▸ **Prompt**: Repeat all entries word for word; skip images.

▸ **Dataset excerpts**:
☆ ☆ ☆ ☆ ☆ ☆ ☆

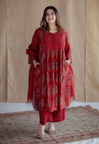 Divyathi Red Ajrakh Cotton A Line Kurta
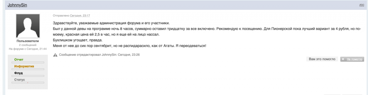 Уважаемый, половина женщин, с низкой социальной ответственностью, предоставленных на этом ресурсе фейки. Я требую выкладывать только проверенную информацию, чтобы граждане РФ пользовались услугами лишь проверенных женщин. Нам не нужны всякие ложные пресевда салоны.
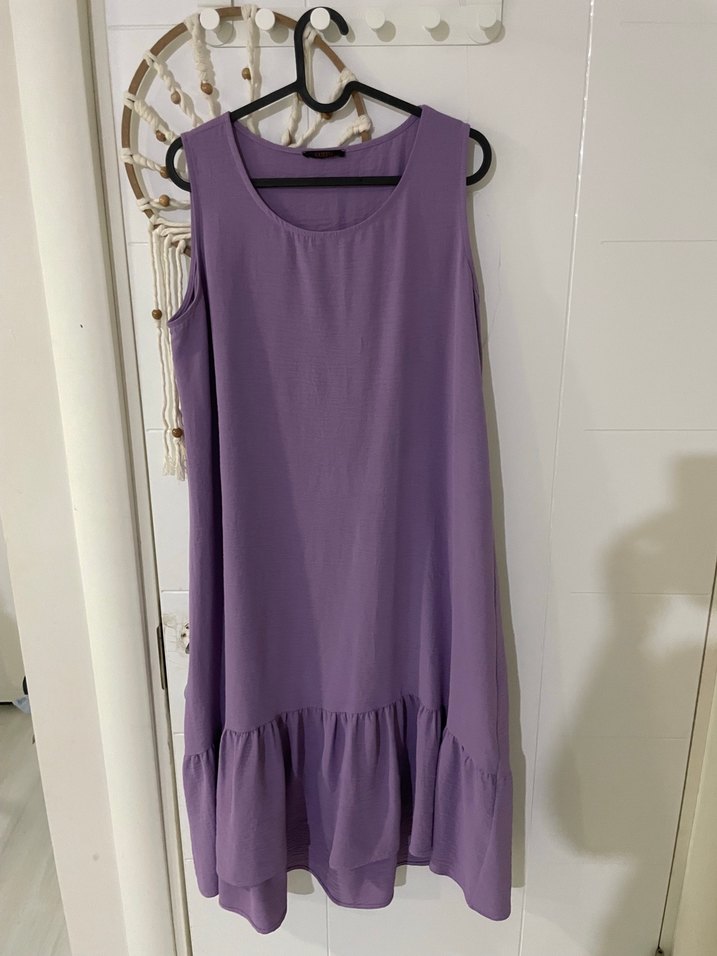 Mor renkli kolsuz midi elbise, kaygan kumaştan, bol kesim ve etek ucu fırfırlı, yuvarlak yaka ile sade bir tarz sunar. 1 kere giyildi arkası uzun model
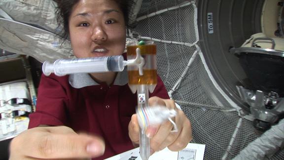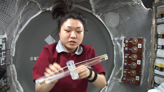 우주에서의 물의 모양 및 물속에 공기 등을 넣어 현상 관찰
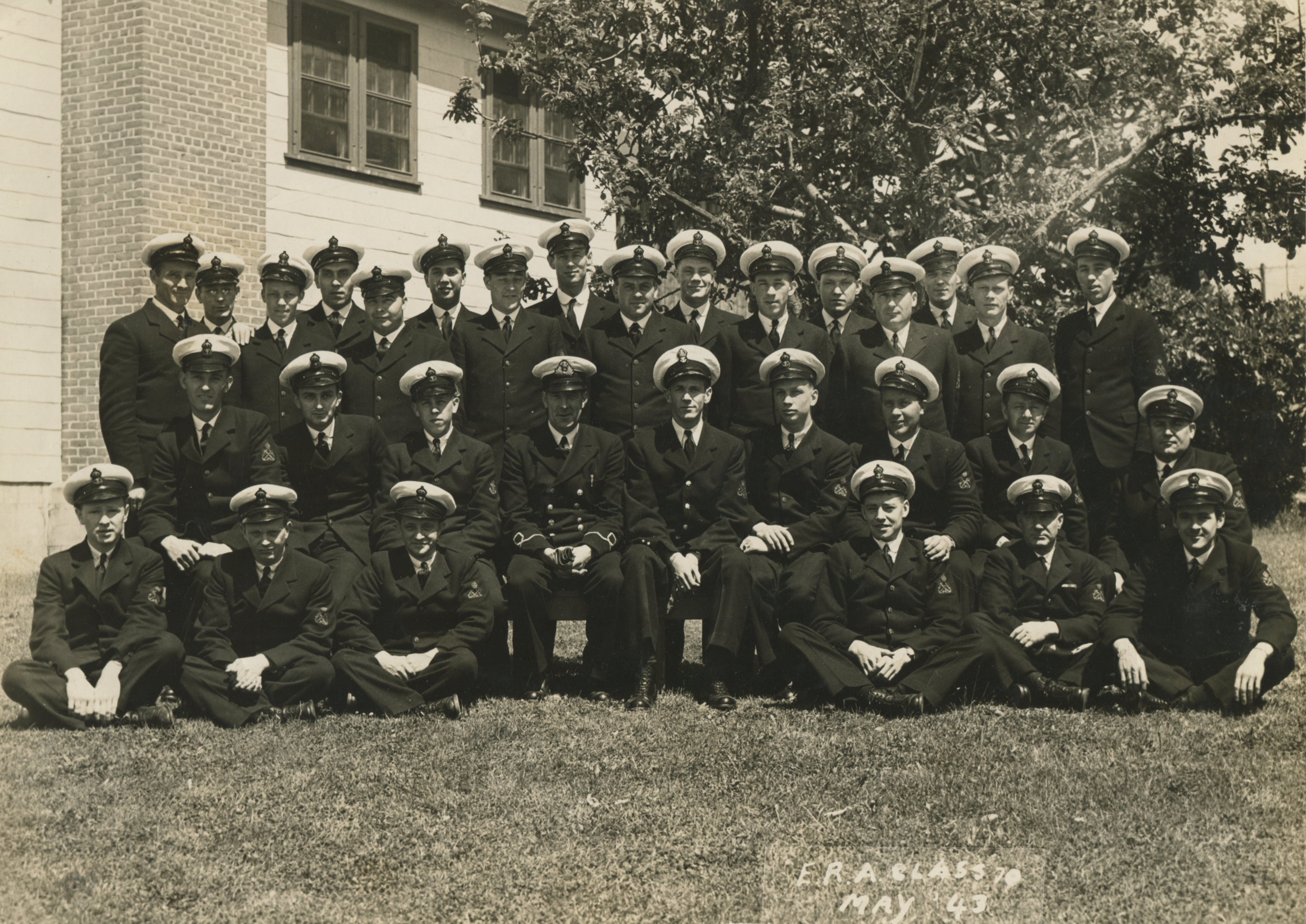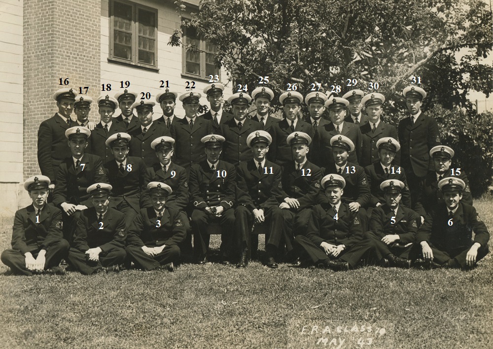 Engine Room Artificers, E.R.A. Class 70, May 1943 Click on the above photo to view a larger image (1) Gawbie, James H (2) Parkinson, Jim (3) Hurrington, Frank (4) Plain, Hilton (5) Lamont, Donald (6) Pedduck, Laurie (7) Blair, Ernest (8) Collins, Larry (9) Hirtanen, Bill (10) Elliott, Bill, WO (11) Durrell, Allan (12) Dawson, Kenneth N. (13) Wilson, Allan W. (14) Fleming, M. (15) Robinson, Lloyd (16) Murchison, John W. (17) Mcauley, Edwin (18) McClennan, Bob (19) Zimmerman, Fred (20) Burteh, Malvin (21) Kelly, Harold (22) Boyd, Russell (23) Alcock, Tom (24) Gilchrist, Harry (25) Dunn, Don (26) Smith, George (27) Jamieson, Frank (28) Palmer, Victor (29) Kay, John B. (30) de Pencier, H.T. (31) Boeckner, Nelson Click here to see the names written on the back of the photo From the collection of Kenneth Dawson Courtesy of Randy Dawson
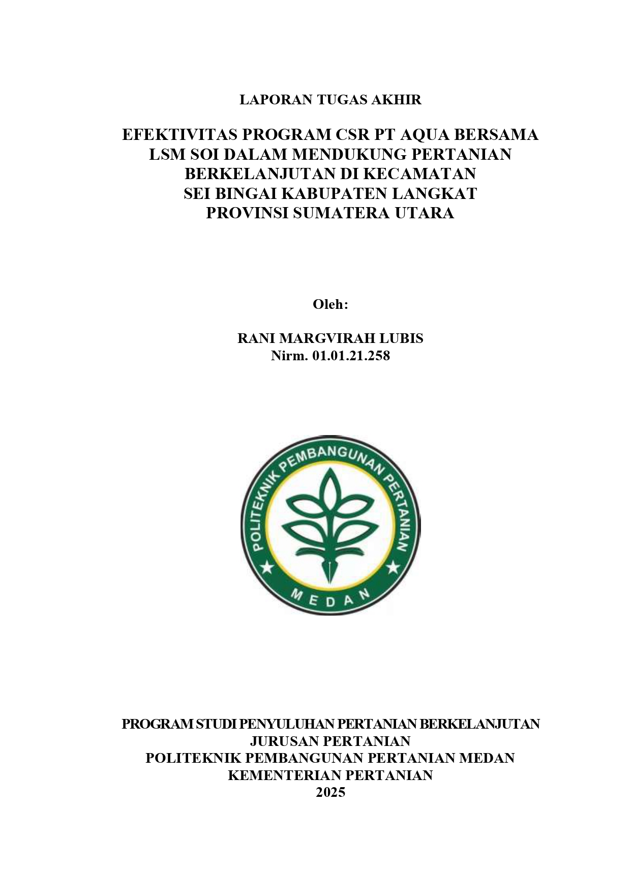 Efektivitas Program CSR PT AQUA Bersama LSM SoI Dalam Mendukung Pertanian Berkelanjutan di Kecamatan Sei Bingai Kabupaten Langkat Provinsi Sumatra Utara.
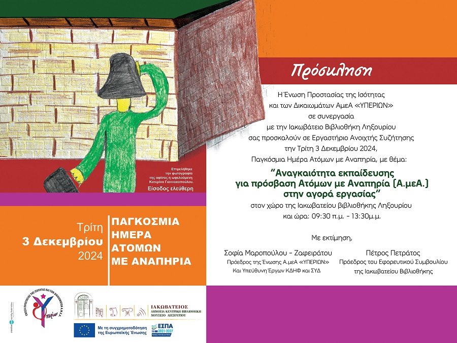 Υπενθυμίζουμε τη διοργάνωση Εργαστηρίου Ανοικτής Συζήτησης με θέμα «Αναγκαιότητα εκπαίδευσης για πρόσβαση ΑμεΑ στην αγορά εργασίας» από την Ένωση Προστασίας της Ισότητας και των Δικαιωμάτων ΑμεΑ «Υπερίων» σε συνεργασία με την Ιακωβάτειο Βιβλιοθήκη, την Τρίτη, 3 Δεκεμβρίου 2024, 9.30 π.μ. – 1.30 μ.μ., με την ευκαιρία της Παγκόσμιας Ημέρας Ατόμων με Αναπηρία, στο Μουσείο Ληξουρίου.
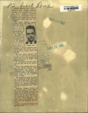 Helmut Graef, wealthy Austrian student who was nabbed here today after a week-long nationwide search, cut a main blood vessel in his arm and almost bled to death soon after police took him into custody. The young Austrian slashed himself with a razor blade in his jail cell, Detective Captain Charles W. Pierce of the Miami Beach police force said. The mysterious disappearance of an Austrian student at the University of Cincinnati whose blood stained auto was found near Columbus was being investigated by police there. The 1941 model car belonged to Helmut Graef, 23, ,,,,mechanical engineering student. Graef has been missing science March 7.
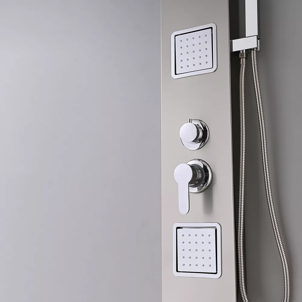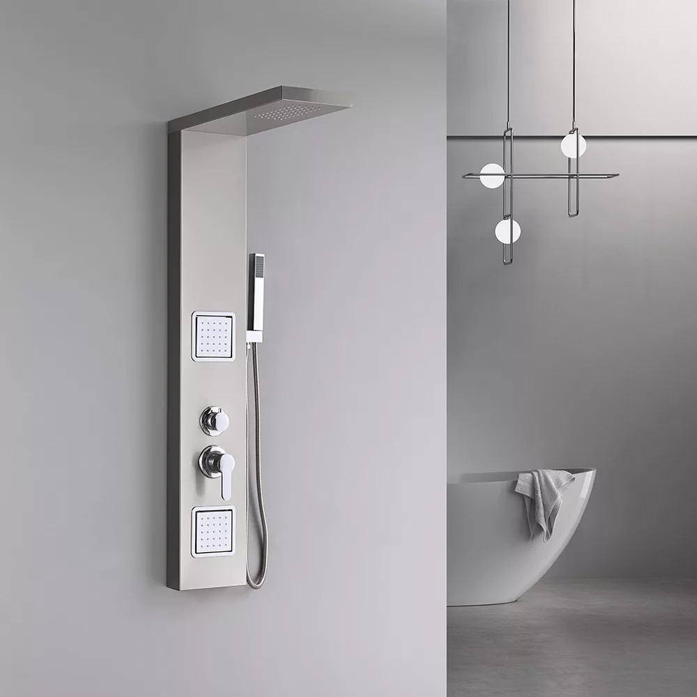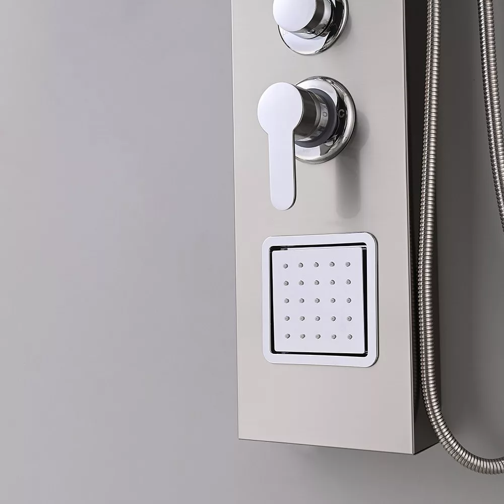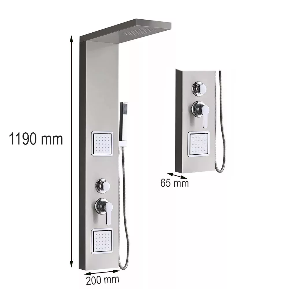 A Merino hidromasszázs zuhanypanel egy kiváló minőségű, modern és stílusos zuhanypanelegyüttes, amelyet az élménydús fürdőzés és zuhanyozás szerelmeseinek terveztek. A panel mérete 119x19x6,5 cm, ami ideális méretet biztosít a fürdőszobák számára, akár a nagyobb, akár a kisebb terekhez. Ez a zuhanypanel 0,8 mm vastagságú szálcsiszolt rozsdamentes acélból készült, ami nemcsak kiemelkedően tartós, de elegáns megjelenést is kölcsönöz a fürdőszobának. A szálcsiszolt felület finom és esztétikus, tovább fokozva a zuhanypanel vonzó megjelenését. A rozsdamentes acél anyagból készült zuhanypanel ellenáll a rozsda, a vízkő és a korroziónak, így hosszú élettartammal rendelkezik, és könnyen tisztán tartható.
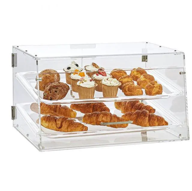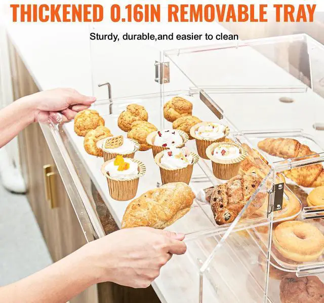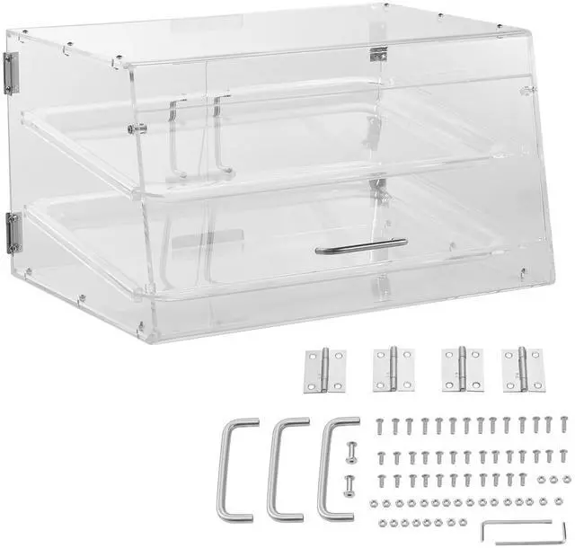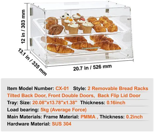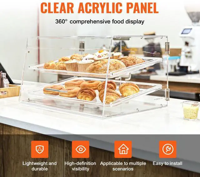 VEVOR Pastry Display Case, 2-Tier Commercial Countertop Bakery Display Case, Acrylic Display Box with Rear Door Access & Removable Shelves, Keep Fresh for Donut Bagels Cake Cookie, 20.7"x13.2"x11.9"

☆ ☆ ☆ ☆ ☆ ☆ ☆

▸ **Answer to this exercise**:
 Divyathi Red Ajrakh Cotton A Line Kurta
 Уважаемый, половина женщин, с низкой социальной ответственностью, предоставленных на этом ресурсе фейки. Я требую выкладывать только проверенную информацию, чтобы граждане РФ пользовались услугами лишь проверенных женщин. Нам не нужны всякие ложные пресевда салоны.
 Mor renkli kolsuz midi elbise, kaygan kumaştan, bol kesim ve etek ucu fırfırlı, yuvarlak yaka ile sade bir tarz sunar. 1 kere giyildi arkası uzun model
 우주에서의 물의 모양 및 물속에 공기 등을 넣어 현상 관찰
 Engine Room Artificers, E.R.A. Class 70, May 1943 Click on the above photo to view a larger image (1) Gawbie, James H (2) Parkinson, Jim (3) Hurrington, Frank (4) Plain, Hilton (5) Lamont, Donald (6) Pedduck, Laurie (7) Blair, Ernest (8) Collins, Larry (9) Hirtanen, Bill (10) Elliott, Bill, WO (11) Durrell, Allan (12) Dawson, Kenneth N. (13) Wilson, Allan W. (14) Fleming, M. (15) Robinson, Lloyd (16) Murchison, John W. (17) Mcauley, Edwin (18) McClennan, Bob (19) Zimmerman, Fred (20) Burteh, Malvin (21) Kelly, Harold (22) Boyd, Russell (23) Alcock, Tom (24) Gilchrist, Harry (25) Dunn, Don (26) Smith, George (27) Jamieson, Frank (28) Palmer, Victor (29) Kay, John B. (30) de Pencier, H.T. (31) Boeckner, Nelson Click here to see the names written on the back of the photo From the collection of Kenneth Dawson Courtesy of Randy Dawson
 Efektivitas Program CSR PT AQUA Bersama LSM SoI Dalam Mendukung Pertanian Berkelanjutan di Kecamatan Sei Bingai Kabupaten Langkat Provinsi Sumatra Utara.
 Υπενθυμίζουμε τη διοργάνωση Εργαστηρίου Ανοικτής Συζήτησης με θέμα «Αναγκαιότητα εκπαίδευσης για πρόσβαση ΑμεΑ στην αγορά εργασίας» από την Ένωση Προστασίας της Ισότητας και των Δικαιωμάτων ΑμεΑ «Υπερίων» σε συνεργασία με την Ιακωβάτειο Βιβλιοθήκη, την Τρίτη, 3 Δεκεμβρίου 2024, 9.30 π.μ. – 1.30 μ.μ., με την ευκαιρία της Παγκόσμιας Ημέρας Ατόμων με Αναπηρία, στο Μουσείο Ληξουρίου.
 Helmut Graef, wealthy Austrian student who was nabbed here today after a week-long nationwide search, cut a main blood vessel in his arm and almost bled to death soon after police took him into custody. The young Austrian slashed himself with a razor blade in his jail cell, Detective Captain Charles W. Pierce of the Miami Beach police force said. The mysterious disappearance of an Austrian student at the University of Cincinnati whose blood stained auto was found near Columbus was being investigated by police there. The 1941 model car belonged to Helmut Graef, 23, ,,,,mechanical engineering student. Graef has been missing science March 7.
 A Merino hidromasszázs zuhanypanel egy kiváló minőségű, modern és stílusos zuhanypanelegyüttes, amelyet az élménydús fürdőzés és zuhanyozás szerelmeseinek terveztek. A panel mérete 119x19x6,5 cm, ami ideális méretet biztosít a fürdőszobák számára, akár a nagyobb, akár a kisebb terekhez. Ez a zuhanypanel 0,8 mm vastagságú szálcsiszolt rozsdamentes acélból készült, ami nemcsak kiemelkedően tartós, de elegáns megjelenést is kölcsönöz a fürdőszobának. A szálcsiszolt felület finom és esztétikus, tovább fokozva a zuhanypanel vonzó megjelenését. A rozsdamentes acél anyagból készült zuhanypanel ellenáll a rozsda, a vízkő és a korroziónak, így hosszú élettartammal rendelkezik, és könnyen tisztán tartható.
 VEVOR Pastry Display Case, 2-Tier Commercial Countertop Bakery Display Case, Acrylic Display Box with Rear Door Access & Removable Shelves, Keep Fresh for Donut Bagels Cake Cookie, 20.7"x13.2"x11.9"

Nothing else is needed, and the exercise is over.